Cohabitation and Succession Rights – 2
Assuming that there might be sufficient net intestate estate to make an action in terms of the Family Law (Scotland) Act, 2006, the surviving cohabitee does encounter further difficulties.
The fact that they are a proven cohabitee does not automatically entitle them to any award by the Court even if there is available net intestate estate. There are four factors for the Court to consider: (i) the size and nature of the net intestate estate, (ii) any benefit received by the survivor on, or in consequence of, the deceased’s death, and from somewhere other than the net intestate estate, (iii) the extent and nature of any other rights against, or claims on, the deceased’s net intestate estate and (iv) any other matter which the court considers appropriate.
The factors are wide and general which is another way of saying quite vague.

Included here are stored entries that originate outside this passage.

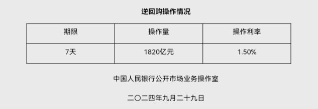 根据央行公告,为维护季末银行体系流动性合理充裕,9月29日央行以固定利率、数量招标方式开展了1820亿元7天期逆回购操作,利率下调20个基点至1.5%。由于当日有5719亿元逆回购到期,公开市场实现净回笼3899亿元。
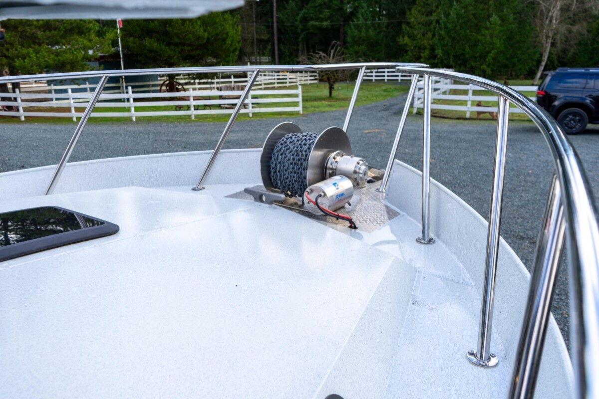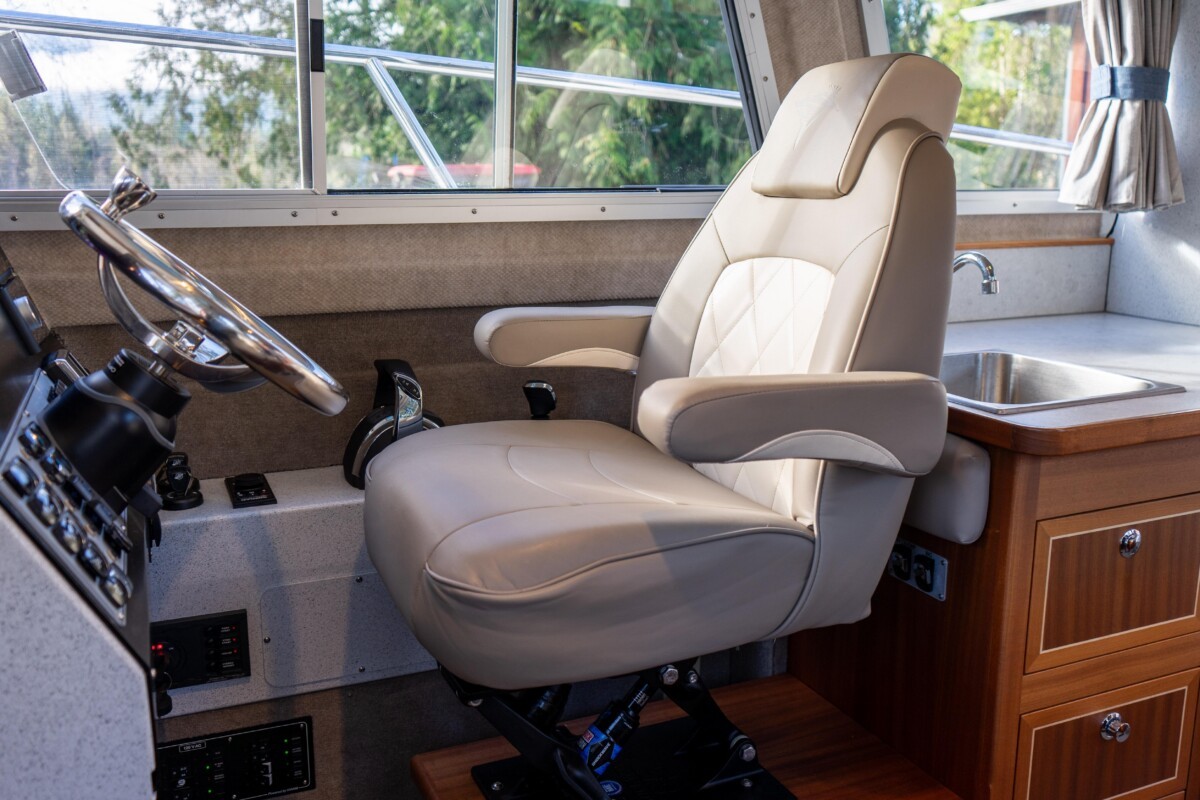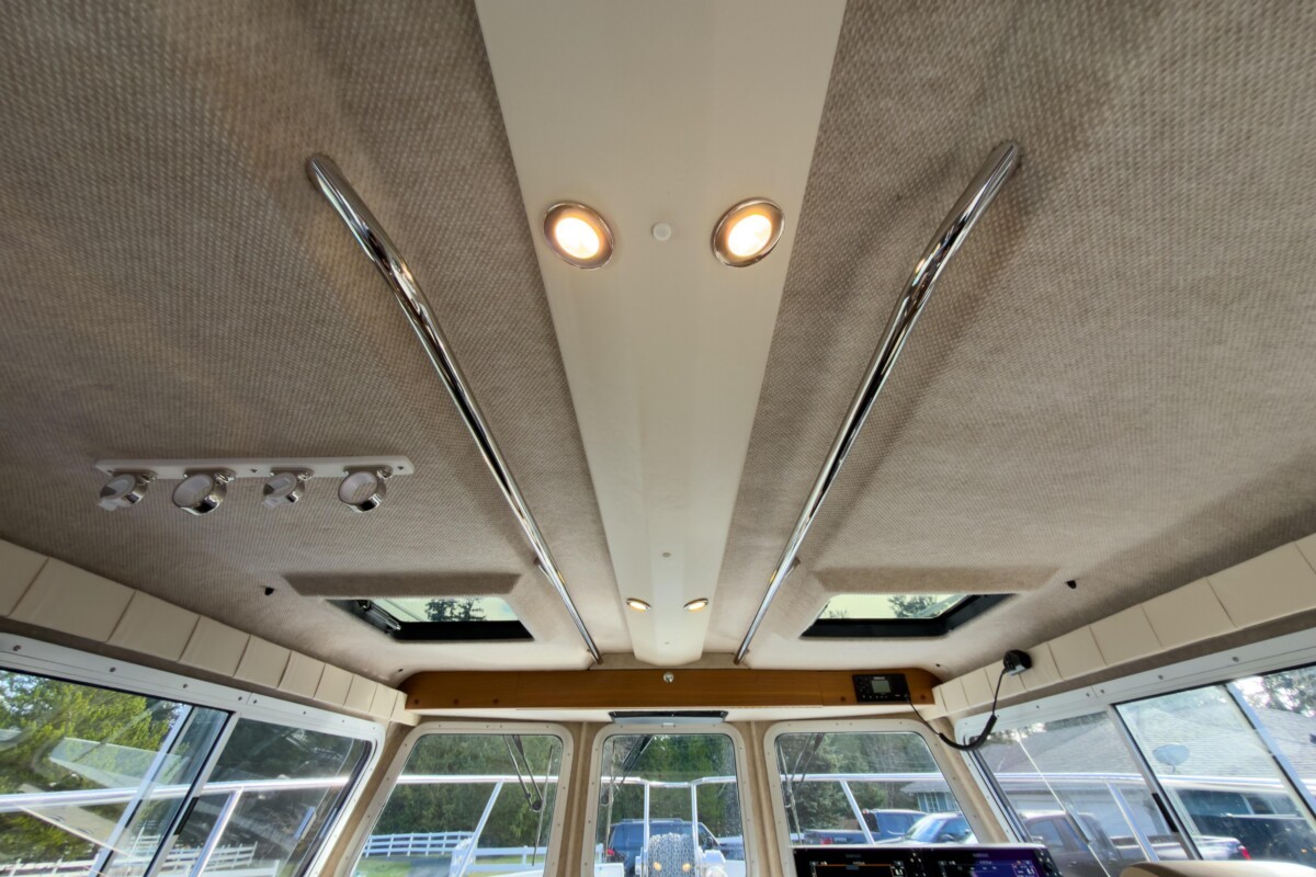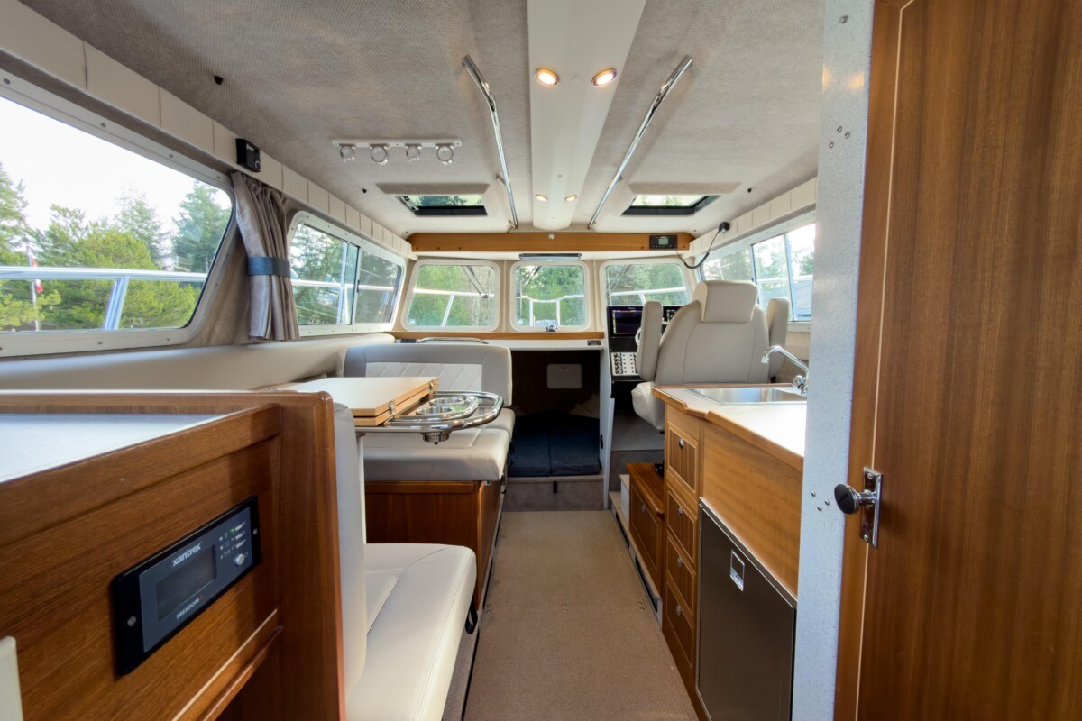 Inside, the Destination package offers a wonderful mix of warm wood tones, tasteful upholstery, and ample surfaces for meal or fish prep! Her diesel heating, stand-up enclosed head, inverter, convertible dinette, V-berth, fresh water system, and Isotherm fridge complete this Pacific Northwest fishing machine!
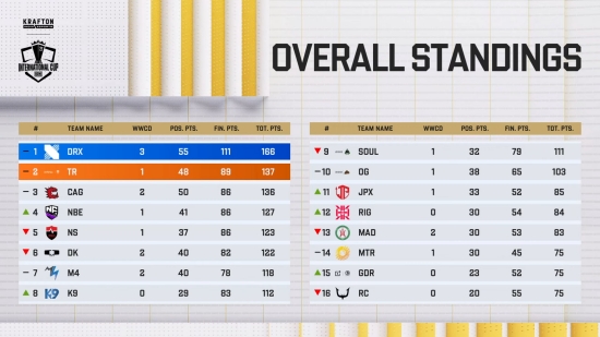 3일 차 경기 결과, DRX가 166점으로 1위에 올랐다. 그리고 뒤를 이어 TR이 137점으로 2위, CAG가 136점으로 3위, NBE가 127점으로 4위, NS가 123점으로 5위에 이름을 올렸다.
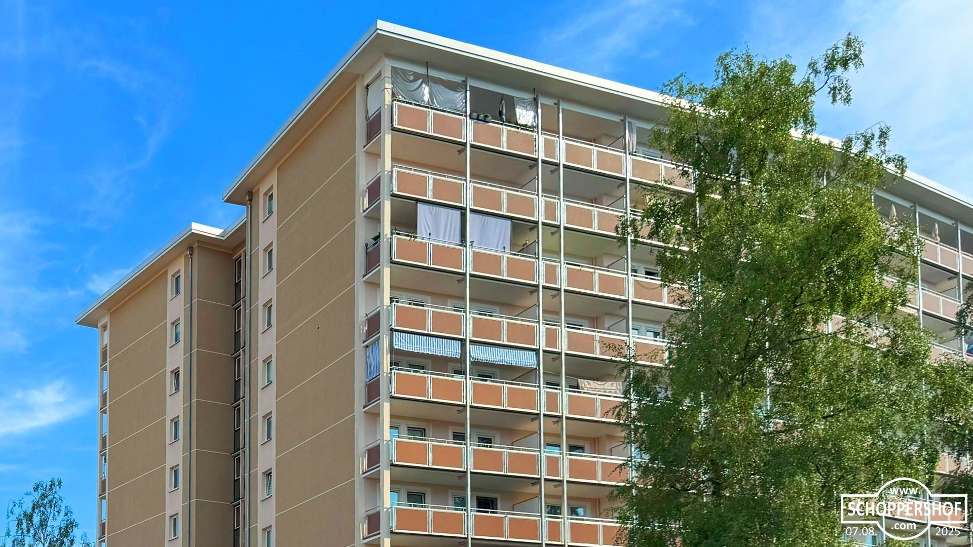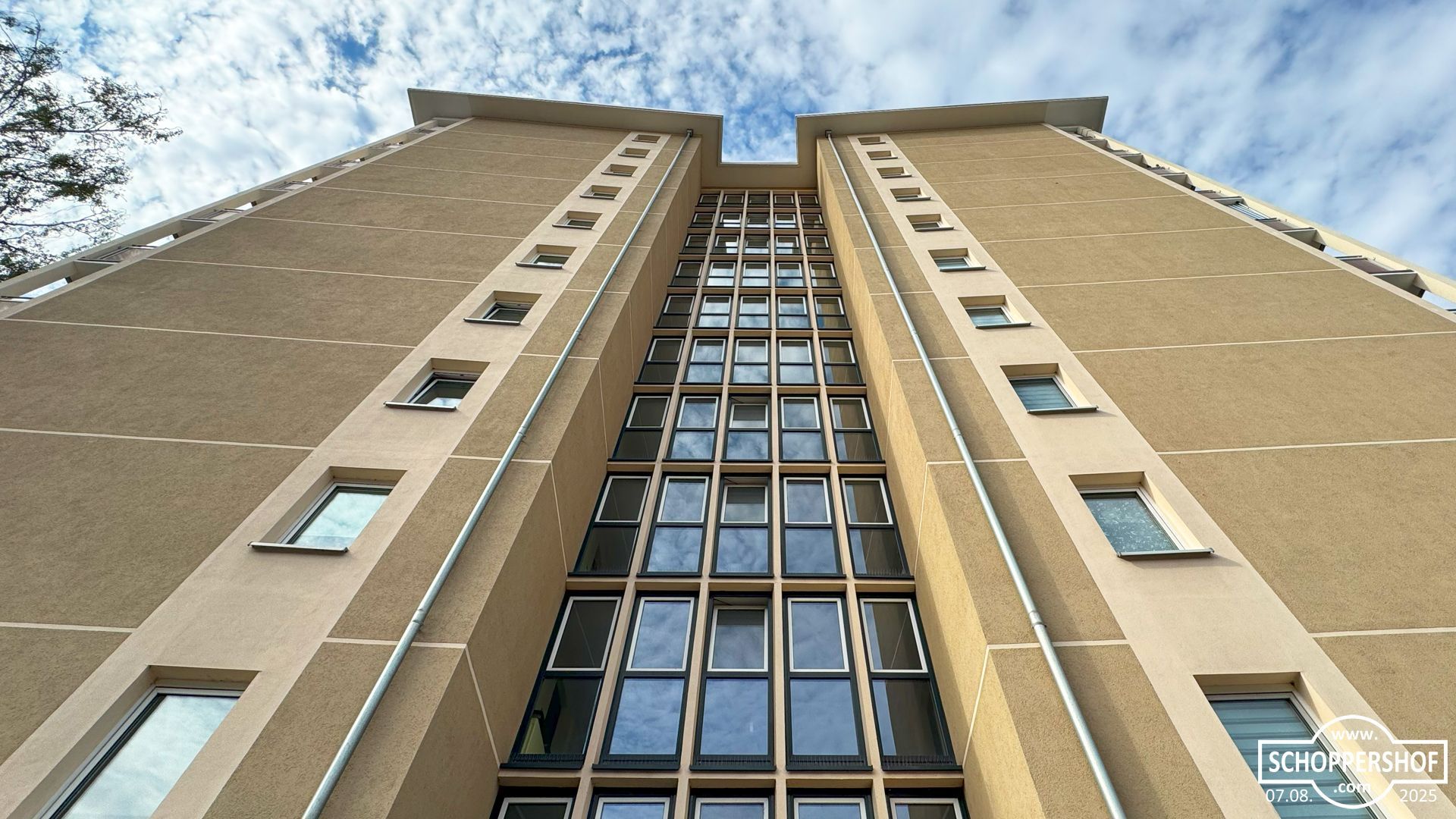 »Deutschen Gesellschaft für Wohnbau« verfügt über etwa 132 Wohnungen und besticht von Außen nicht nur durch seine Höhe. Besonders markant sind die keilförmig in der Mitte vorspringenden Fassaden mit ihren langgezogenen Balkonen und die auffällig an der Nord- und Südseite zurückgesetzten Treppenhausschächte.
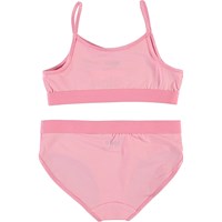 Jinny is een roze set ondergoed. Zowel de bovenkant als de onderkant heeft een brede elastische rand die zorgt voor een comfortabele pasvorm.
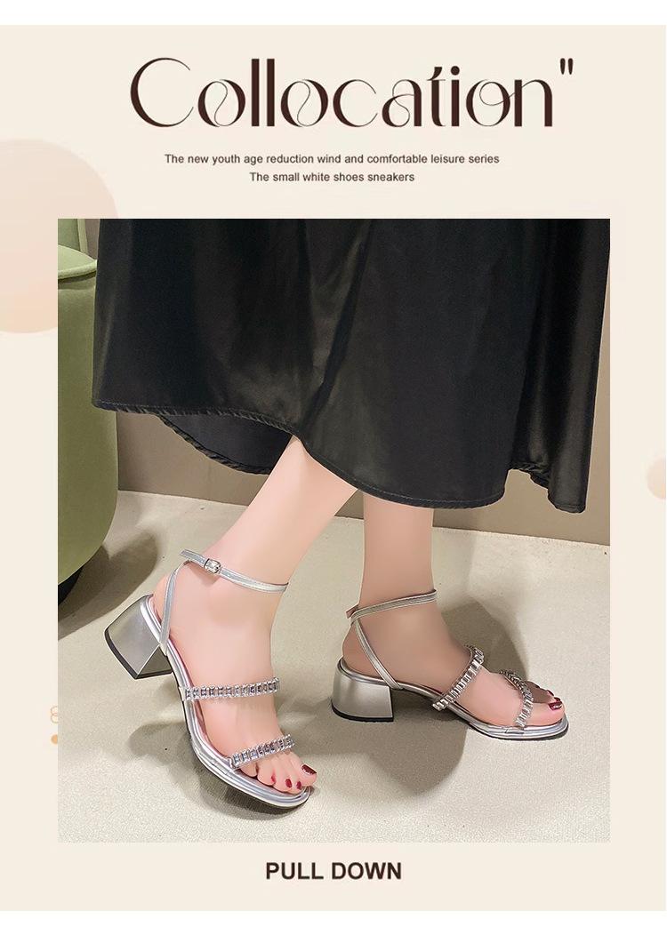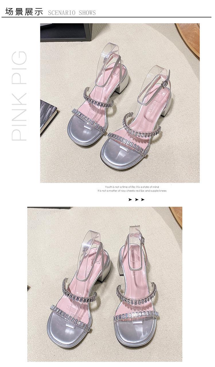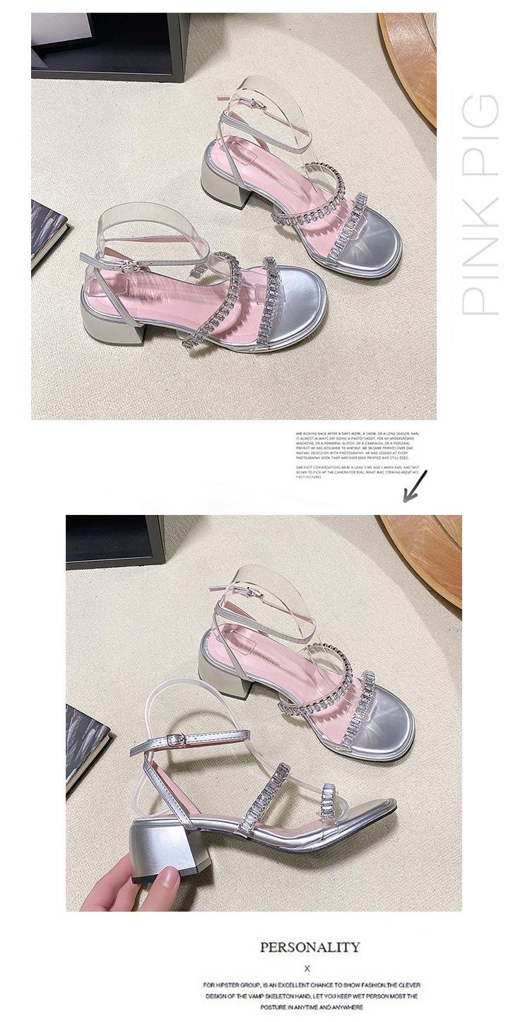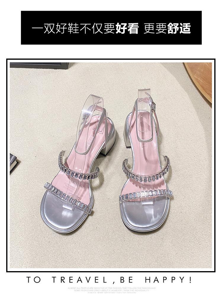 Compre Belas sandálias elegantes de prata das mulheres desgaste exterior verão novo vestido estilo fada strass dedo do pé aberto francês salto alto no atacado no Joom.pro
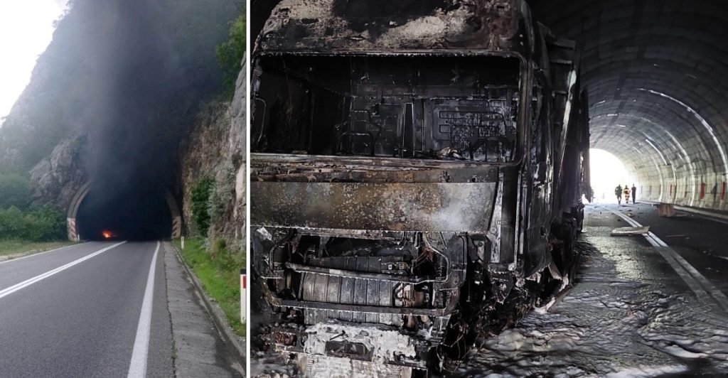 U prometnoj nesreći u tunelu sudjelovala su dva automobila, Škoda i Volkswagen te jedno teretno vozilo na kojem je izbio požar.
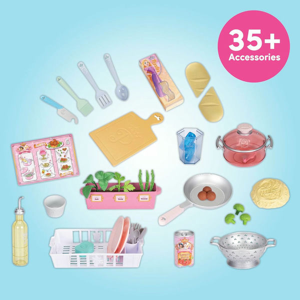 Итак, эта игровая кухня для детей оснащена пятью интерактивными приборами со световыми и звуковыми эффектами, функцией приготовления на пару, более чем 35 аксессуарами и набором для приготовления великолепного блюда Ночь макарон
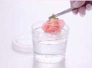 充分に花の色が抜けたらそっと取り出してください。 このとき花は硬くなっているので慎重に取り扱ってください。 |

Invariably, section 29 has left a particularly large amount of discretion to the court. When court actions cost so much to raise and pursue, this factor will tend to dissuade litigation, and so, ten years after the 2006 Act, this appears to have been the case since there has been a lack of reported caselaw.
In short, what is the purpose of any award to the surviving cohabitee? Should the court’s approach look at historical factors during the relationship or the factors which exist at the time of the deceased’s death? For example, is an award meant to be compensation for carrying on a relationship when resources (both financial and social) have been pooled historically? Or is it to be awarded on the basis of need at the time of death given the extent to which the surviving cohabitee was dependent upon and supported by the deceased? No clear-cut guidance is provided in the 2006 Act. By way of contrast, for spouses and civil partners, the former approach is closer to the approach of the law.
In the ten years since the law was introduced for cohabitees, there have only been a couple of full reported decisions and both were Sheriff Court decisions (which are not binding precedents). However, both favoured the latter approach. In the case of Savage v Purches (2009), the court made no award to a surviving cohabitee on the basis that they had no need for cash because the surviving cohabitee was not financially dependent. In the case of Windram v Giacopazzi’s Exor (2009), a substantial award was made which was intended to have the effect of allowing the surviving partner to retain the family home and pay off the mortgage then outstanding.
The only matter that comes across clearly from these cases is that the basis for any award to a cohabitee is different from the basis upon which a spouse or civil partner makes a claim.
For the sake of completeness, no awards were made in the case of Chebotarevi v King’s Executrix (2008) because there was no evidence of cohabitation having taken place in Scotland and in the case of Kerr v Mangen (2014), property belonging to the deceased cohabitee outside Scotland (in that case, Ireland) was excluded from consideration.
So, in short, there has only been one reported case in 10 years where the surviving cohabitee has actually obtained an award. This is a law which relates to a situation which must have occurred thousands of times over the last decade so it does not appear to be fulfilling its intended purpose.